In a sense, this example is deceptively simple. Let’s consider a slightly more complicated example: a rescale function that takes an ASE Atoms structure and rescales the unit cell with a certain scale factor:

def rescale(structure, scale):

    new_cell = structure.get_cell() * scale
    structure.set_cell(new_cell, scale_atoms=True)

    return structure

Open a verdi shell or Jupyter notebook (with the AiiDA magic: %aiida) and use the code snippet above to define the rescale function. Next, load any StructureData, for example using the QueryBuilder:

In [2]: from aiida.orm import StructureData
   ...: structure = QueryBuilder().append(StructureData).first()[0]

In order to test the method, we need to convert the StructureData into an ASE Atoms instance.

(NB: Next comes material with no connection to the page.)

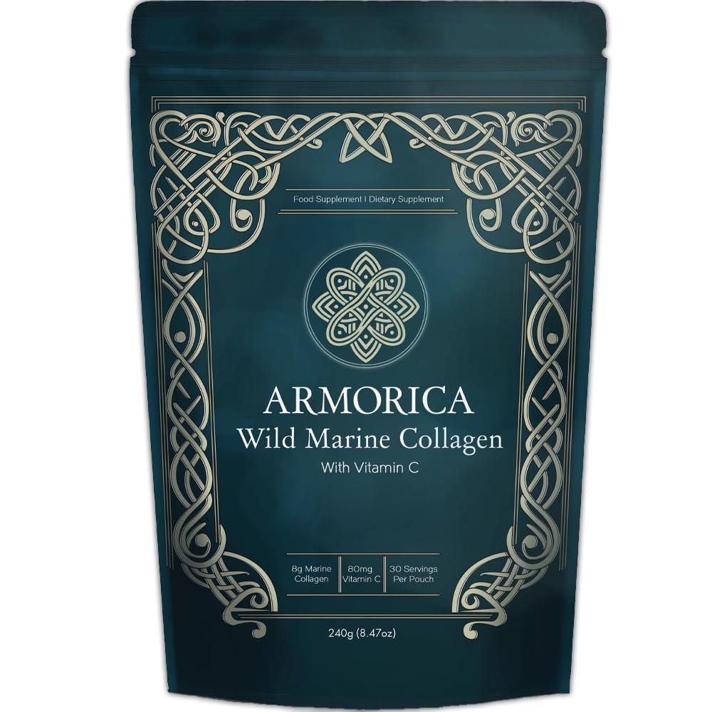 SUPPORTS SKIN, JOINTS BONES: Collagen is essential to the structure and integrity of your skin, joints, bones, tendons, and ligaments. Natural collagen levels decline with age, leading to fine lines, stiffness, and decreased mobility. Our marine collagen peptides help replenish your body's collagen stores, supporting youthful skin, joint comfort, bone strength, and overall vitality from the inside out. NEUTRAL FLAVOUR - Unflavoured and finely milled, our marine collagen powder mixes easily into coffee, tea, smoothies, or even soups and stews without altering the taste. Whether you're on a fasting regimen, post-workout recovery plan, or daily wellness routine, ARMORICA Marine Collagen fits effortlessly into your lifestyle. ENRICHED WITH VITAMIN C FROM FERMENTED BEEET: Vitamin C is a vital co-factor in collagen synthesis, helping your body form and stabilize new collagen fibers. It also acts as a powerful antioxidant, defending your existing collagen stores against oxidative stress. Combined with our premium marine collagen, Vitamin C boosts efficacy and ensures you're nourishing your skin, joints, and connective tissue at every level. LOW TEMPERATURE HYDROLYZED PEPTIDES: Our marine collagen is hydrolyzed at low temperatures into low molecular weight peptides, which are absorbed quickly and efficiently by the body. This means you get maximum results with minimal dosage—just 8g daily delivers targeted support for smoother skin, improved joint flexibility, stronger hair, and overall vitality. Perfect for active lifestyles and healthy aging. MICROPLASTIC TOXIN TESTED: Every batch of ARMORICA Marine Collagen powder undergoes rigorous third-party testing to ensure it is free from microplastics, heavy metals, and environmental contaminants. We believe in transparency and uncompromising standards—this is collagen you can trust to be clean, safe, and effective. Non-GMO and free from artificial additives, flavourings, or fillers. WILD NORTH ATLANTIC FISH: Sourced exclusively from wild-caught whitefish in the cold, clean waters of the North Atlantic, our marine collagen is harvested using sustainable fishing practices. Unlike farmed alternatives, our wild fish are free from growth hormones and antibiotics, resulting in a cleaner, more natural source of collagen peptides. The result is a premium-grade supplement with exceptional purity and effectiveness.

This can be easily done using the get_ase() method:

In [3]: ase_structure = structure.get_ase()

Let’s have a look at what structure we found:

In [4]: ase_structure
Out[4]: Atoms(symbols='NaNbO3', pbc=True, cell=[3.9761497211, 3.9761497211, 3.9761497211], masses=...)

Next, use the rescale function to double the lattice vectors of the unit cell:

In [5]: rescale(ase_structure, 2)
Out[5]: Atoms(symbols='NaNbO3', pbc=True, cell=[7.9522994422, 7.9522994422, 7.9522994422], masses=...)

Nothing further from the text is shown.